In order to simplify analysis, we’ll convert the talents of each candidate into an ordinal number (there are no ties). Each potential secretary being represented by a distinct number from 1 – n. The higher the number, the more desirable the candidate.
e.g. Here are 16 candidates in random order: 5 13 1 12 16 3 4 6 15 7 9 10 11 14 2 8
If you selected totally at random, the chance of this subject being the very best candidate is 1 / n. This is also the chance if you selected the first candidate you see (There is a 1 in n chance that the first person you see is the best contender). |
After thinking about this for a little while, we can see that a better strategy is to meet a few candidates, take notes of their talents, remember the highest, then continue through the rest of the candidates, and select the next one we see whose skills exceed the highest we encountered in the sample set. |
The idea of taking a sample first is a good one: By looking at a sample of the candidates first, we can get some idea of the range/distribution of their skills. But … What sample size should we take?
Too small a sample and we don't get very much information about the set. Too large a sample, and though we get plenty of information, we've burned too many of the potential candidates to get this knowledge, leaving very few to choose from. In words of baby-bear, what sample size is “Just right” ?
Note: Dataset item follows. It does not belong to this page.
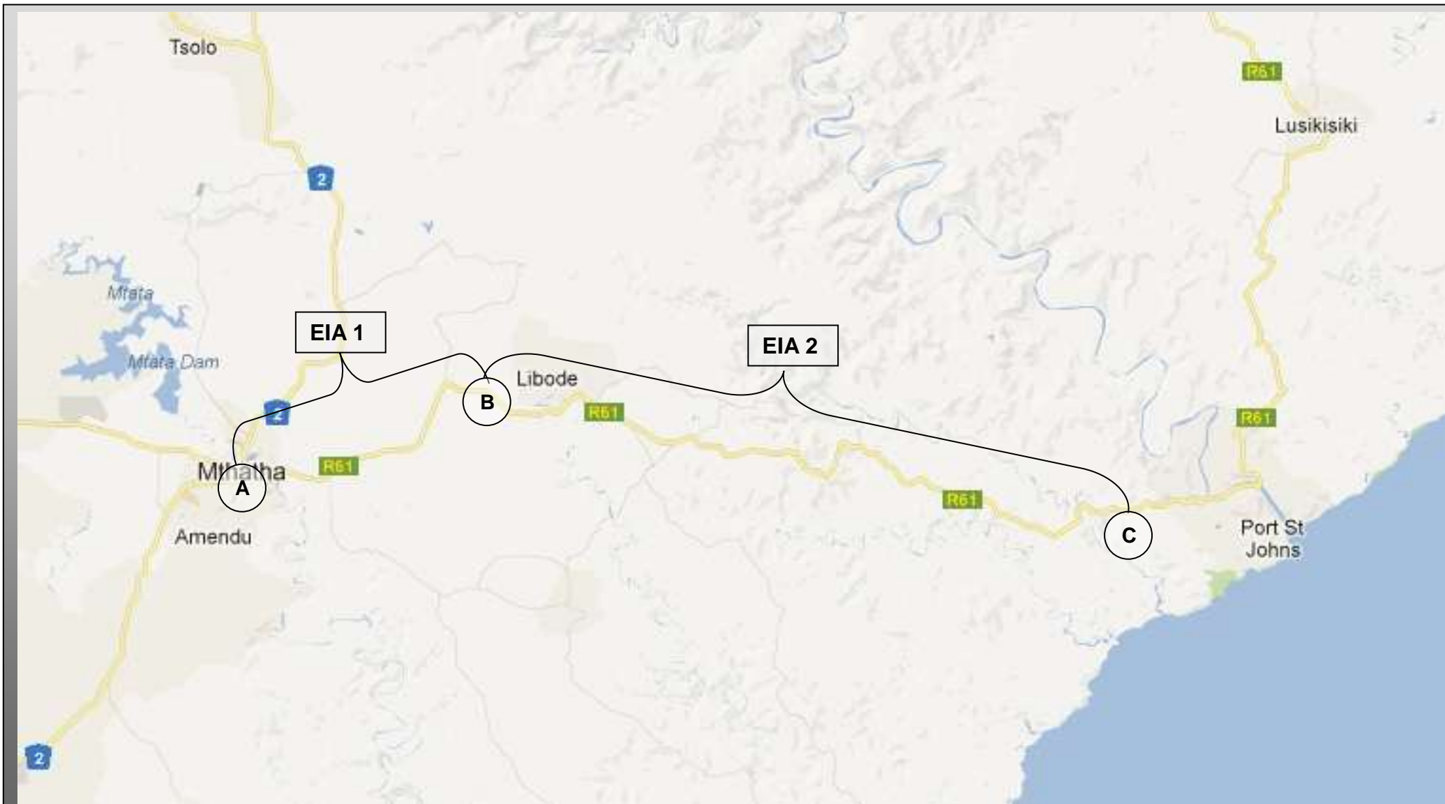
Figure 1: The two affected road sections between Mthatha and Port St Johns in the Eastern Cape. EIA 1 is from point A to B. EIA 2 is from point B to C.

There's also a more subtle issue if we get the sample size incorrect (because of the fact that we can only select one candidate).
If our sample size is too small, then the number of candidates not in the sample is large. Because our strategy is to select the first candidate whose skill exceeds the highest we saw in the sample, there is a good chance this may occur before the ideal candidate is seen. |
Similarly, there is an issue if the sample size is too large. With too large a sample there is a good chance that this sample will include the best candidate! |
(If this occurs, then we'll end up with the last candidate seen. What else can we do?)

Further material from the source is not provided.